Send back the data below exactly. Drop every picture.
START Dataset excerpt
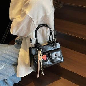 クロスボーダー韓国版レトロファッションデザインレディース2025夏新作ショルダーボストンバッグ大容量ピローバッグ
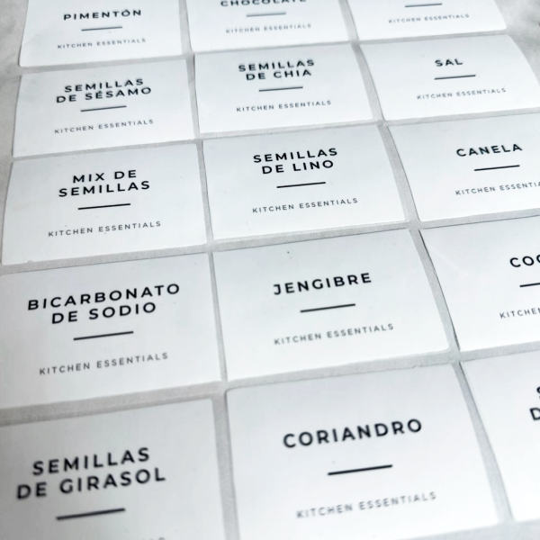 15 etiquetas con el listado que necesites, son de 6x4 cm y tienen una película protectora mate, resistente al agua y troqueladas. Envianos un mensaje con la lista.
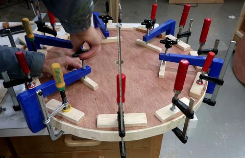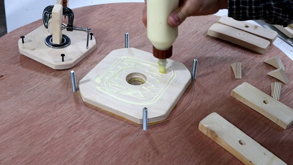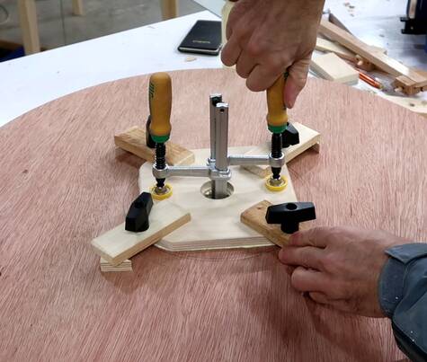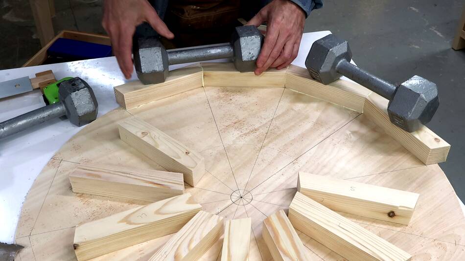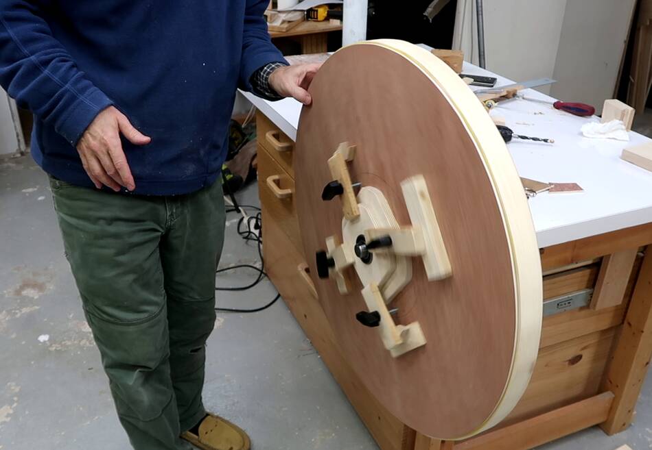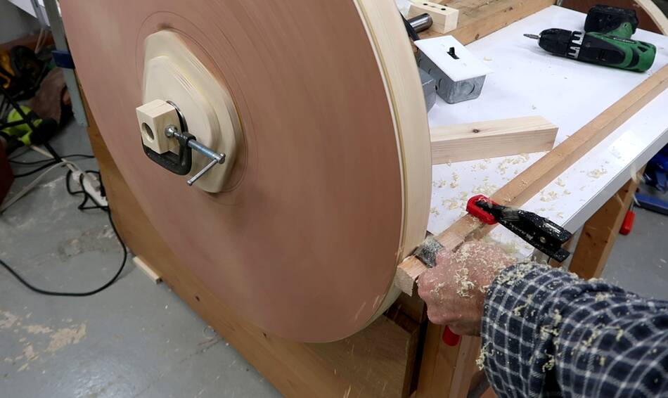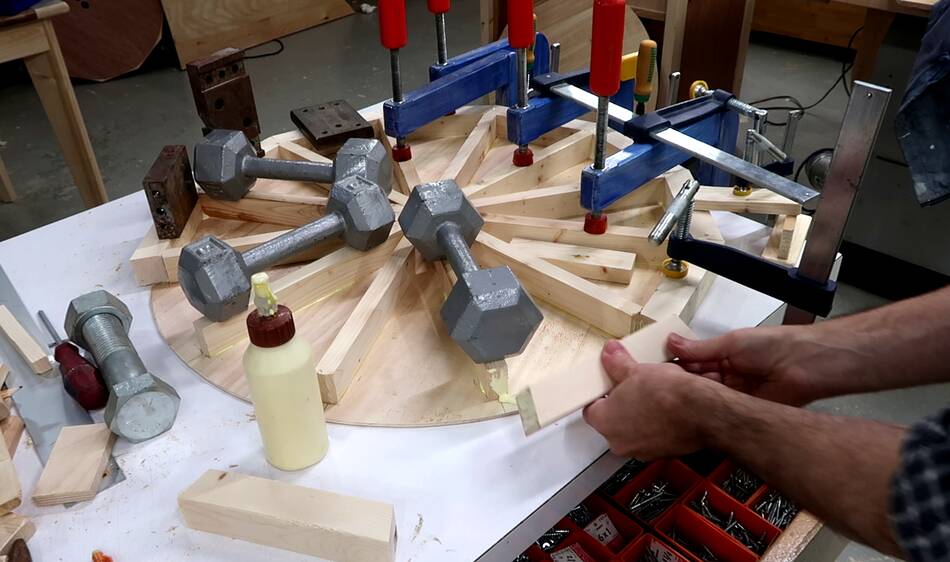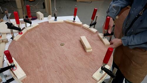 In retrospect, I could have drilled those four holes in the spokes through the top layer and put bolts through those holes to help clamp it. Also a bolt and a big washer through the center axle hole would also have helped clamp. Sand bags would also have been useful for the clamping.
END Dataset excerpt
Task output =
 クロスボーダー韓国版レトロファッションデザインレディース2025夏新作ショルダーボストンバッグ大容量ピローバッグ
 15 etiquetas con el listado que necesites, son de 6x4 cm y tienen una película protectora mate, resistente al agua y troqueladas. Envianos un mensaje con la lista.
 In retrospect, I could have drilled those four holes in the spokes through the top layer and put bolts through those holes to help clamp it. Also a bolt and a big washer through the center axle hole would also have helped clamp. Sand bags would also have been useful for the clamping.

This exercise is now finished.